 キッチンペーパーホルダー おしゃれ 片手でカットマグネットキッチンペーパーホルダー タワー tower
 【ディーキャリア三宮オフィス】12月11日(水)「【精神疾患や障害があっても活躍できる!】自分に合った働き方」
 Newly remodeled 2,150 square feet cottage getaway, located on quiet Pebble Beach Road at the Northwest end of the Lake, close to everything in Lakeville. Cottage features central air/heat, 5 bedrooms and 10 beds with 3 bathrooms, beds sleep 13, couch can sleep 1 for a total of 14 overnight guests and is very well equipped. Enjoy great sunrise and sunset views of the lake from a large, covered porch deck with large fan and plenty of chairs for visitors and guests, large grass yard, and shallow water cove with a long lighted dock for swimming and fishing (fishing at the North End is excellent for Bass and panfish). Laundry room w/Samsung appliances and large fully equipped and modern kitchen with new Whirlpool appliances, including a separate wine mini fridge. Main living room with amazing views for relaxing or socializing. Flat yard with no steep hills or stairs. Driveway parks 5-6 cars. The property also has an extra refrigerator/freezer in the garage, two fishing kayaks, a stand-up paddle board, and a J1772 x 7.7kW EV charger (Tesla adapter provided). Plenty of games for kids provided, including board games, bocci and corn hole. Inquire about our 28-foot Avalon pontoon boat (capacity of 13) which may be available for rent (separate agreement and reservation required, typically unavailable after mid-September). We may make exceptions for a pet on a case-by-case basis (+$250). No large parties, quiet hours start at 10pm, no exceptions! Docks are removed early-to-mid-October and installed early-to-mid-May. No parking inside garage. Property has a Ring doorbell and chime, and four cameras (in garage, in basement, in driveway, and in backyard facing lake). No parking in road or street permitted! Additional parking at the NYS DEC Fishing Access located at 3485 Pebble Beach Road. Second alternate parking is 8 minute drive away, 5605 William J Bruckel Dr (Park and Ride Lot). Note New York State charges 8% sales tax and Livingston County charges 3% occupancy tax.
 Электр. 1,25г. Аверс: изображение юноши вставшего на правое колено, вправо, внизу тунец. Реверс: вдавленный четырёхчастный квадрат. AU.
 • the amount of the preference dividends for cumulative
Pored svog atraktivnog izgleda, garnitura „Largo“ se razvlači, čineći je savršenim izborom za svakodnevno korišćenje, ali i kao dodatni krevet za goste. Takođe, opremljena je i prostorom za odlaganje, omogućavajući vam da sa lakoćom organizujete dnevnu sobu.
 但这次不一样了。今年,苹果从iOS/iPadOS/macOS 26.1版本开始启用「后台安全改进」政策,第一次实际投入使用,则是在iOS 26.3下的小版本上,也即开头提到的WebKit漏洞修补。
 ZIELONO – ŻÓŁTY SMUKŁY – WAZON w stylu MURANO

######

Work to complete: Copy exactly the line containing "Электр. 1,25г. Аверс: изображение" and each line after it through the end of the records above.

Answer section:
 Электр. 1,25г. Аверс: изображение юноши вставшего на правое колено, вправо, внизу тунец. Реверс: вдавленный четырёхчастный квадрат. AU.
 • the amount of the preference dividends for cumulative
Pored svog atraktivnog izgleda, garnitura „Largo“ se razvlači, čineći je savršenim izborom za svakodnevno korišćenje, ali i kao dodatni krevet za goste. Takođe, opremljena je i prostorom za odlaganje, omogućavajući vam da sa lakoćom organizujete dnevnu sobu.
 但这次不一样了。今年,苹果从iOS/iPadOS/macOS 26.1版本开始启用「后台安全改进」政策,第一次实际投入使用,则是在iOS 26.3下的小版本上,也即开头提到的WebKit漏洞修补。
 ZIELONO – ŻÓŁTY SMUKŁY – WAZON w stylu MURANO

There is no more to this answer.